Reliable and repeatable measurements are essential for the strong uptake of any analytical technique. Ambient surface mass spectrometries have demonstrated exciting and revolutionary measurement capability but for wider acceptance in industry they need a secure metrology foundation. Plasma sources are increasingly being used since the development of DART (direct analysis in real time) in 20051 and subsequent imaging methods such as PADI (plasma assisted desorption ionisation)2 and LTP (low temperature plasma)3. Here, we commence establishing the essential metrology for PADI, which has already been shown to be successful at analysing pharmaceuticals2 and personal care products4. A detailed study of the instrumental contributions to the spectral repeatability is conducted. Firstly, we identify and separate out the contributions to the repeatability (relative standard deviation) of the peak intensities. We show that the Thermo LTQ-Orbitrap mass spectrometer used in the study has a noise distribution approximately as expected for random noise. However, the standard deviation of the peak intensity is proportional to the peak intensity which is clearly not random but related to systematic effects in the source operation. Optimisation of the plasma source is essential for ensuring robustness and reliability. We show how the signal varies with geometry, helium flow rate and plasma power. Thermal imaging of the sample surface shows that the temperature rises approximately linearly with plasma power and at 19 W is 70oC. To reduce the effects of damage for surface sampling, we recommend keeping the surface temperature below 40 °C by operating at less than 15 W. General guidance is given for practical analysis. Importantly, PADI can analyse a wide variety polymers. Analysis of polymers gives mass spectra with repeating series containing different fragments and adducts. Preliminary studies of sample surfaces after PADI analysis show that the chemical damage, quantified by XPS, is less than 10%. With the recommended operating parameters, the plasma erodes the polymer sample at a rate of 0.87 nm s-1 (for PMMA). This shows the potential for polymer depth profiling.

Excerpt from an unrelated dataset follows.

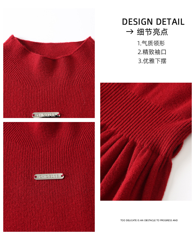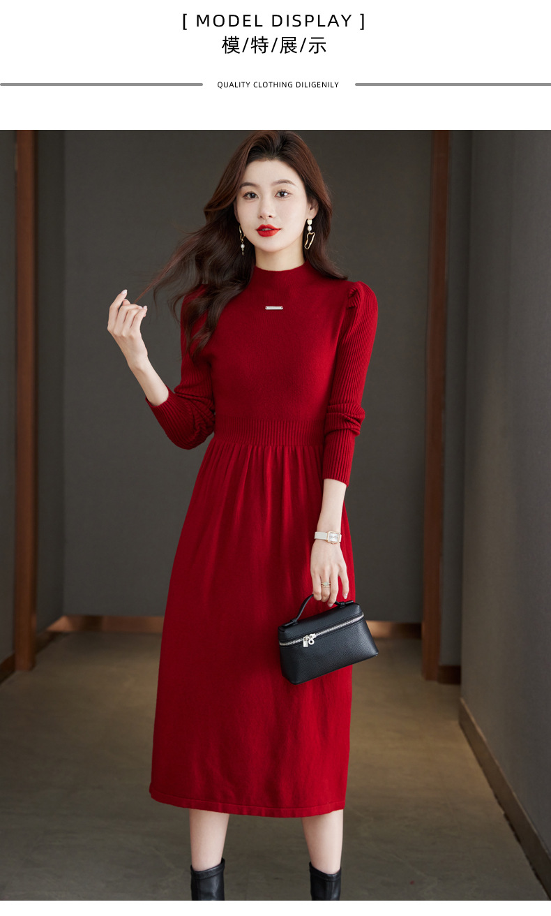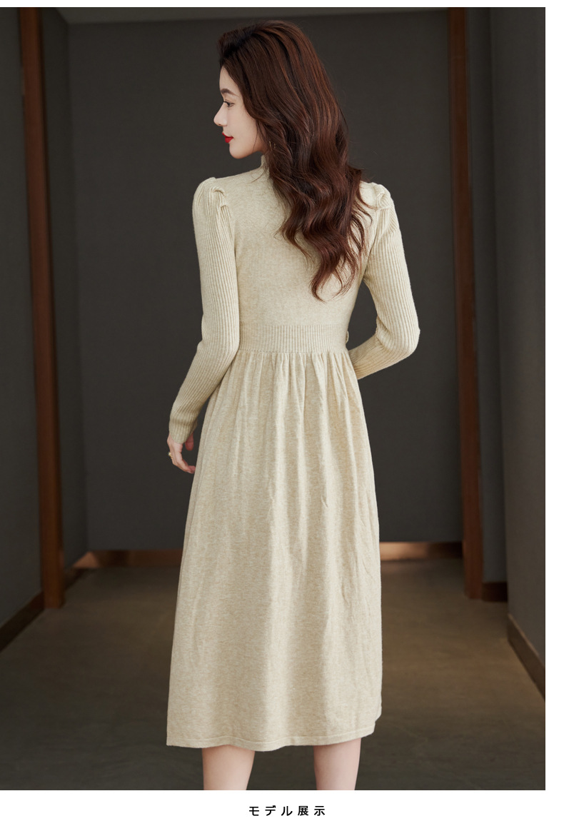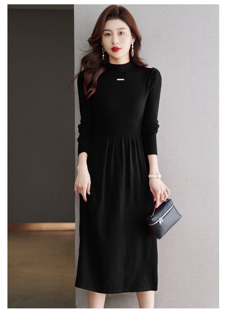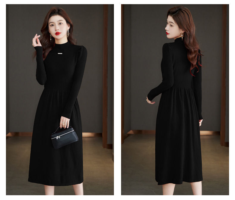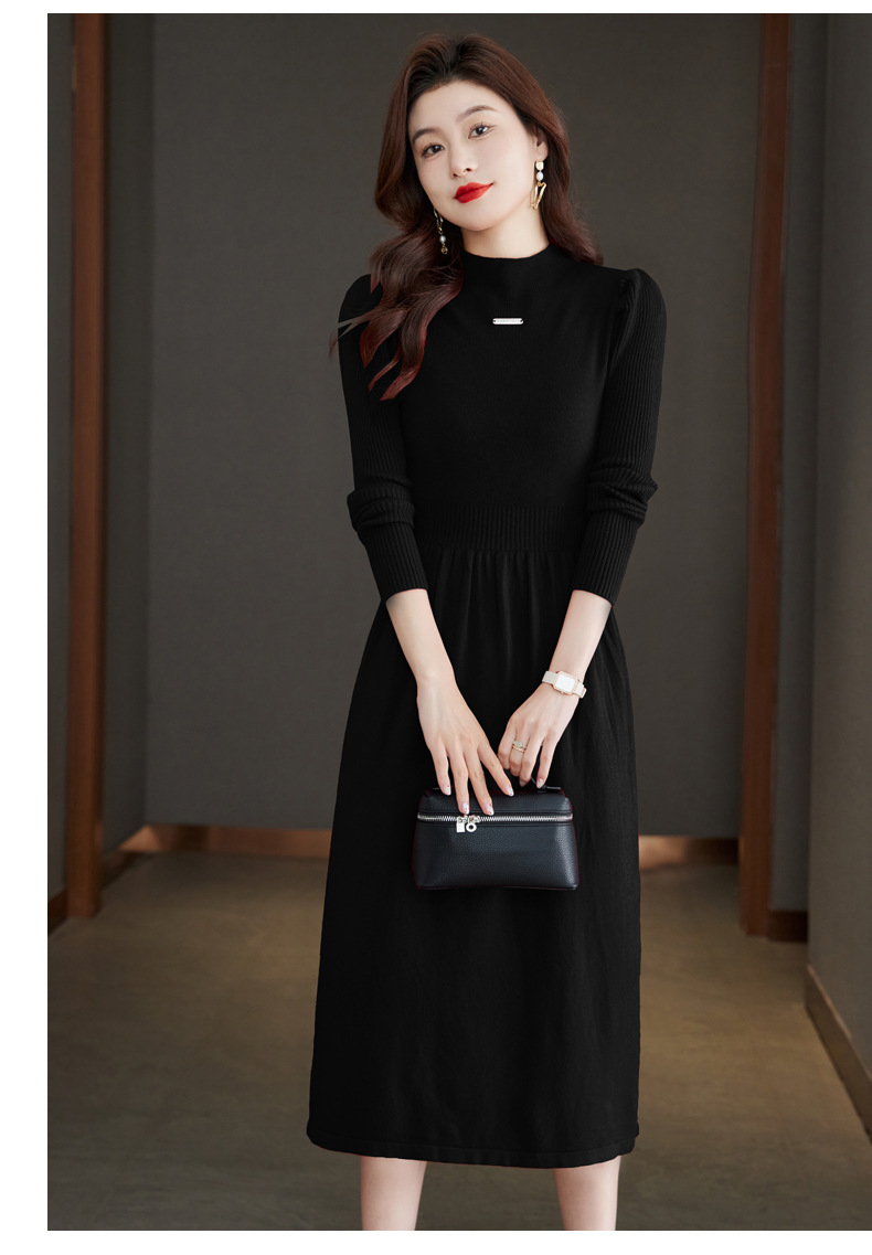 法式泡泡袖针织连衣裙,女秋冬新款小个子内搭收腰打底毛衣裙CC-QL-W8379

1. RB Cody, JA Laramee, HD Durst, Analytical Chemistry 2005, 77, 2297.

2. LV Ratcliffe, FJM Rutten, DA Barrett, T Whitmore, D Seymour, C Greenwood, Y Aranda-Gonzalvo, S Robinson, M McCoustra, M. Analytical Chemistry 2007, 79, 6094.

3. JD Harper, NA Charipar, CC Mulligan, XR Zhang, RG Cooks, Z Ouyang, Analytical Chemistry 2008, 80, 9097.

4. TL Salter, FM Green, N Faruqui, IS Gilmore, Analyst, 2011, 136, 3274.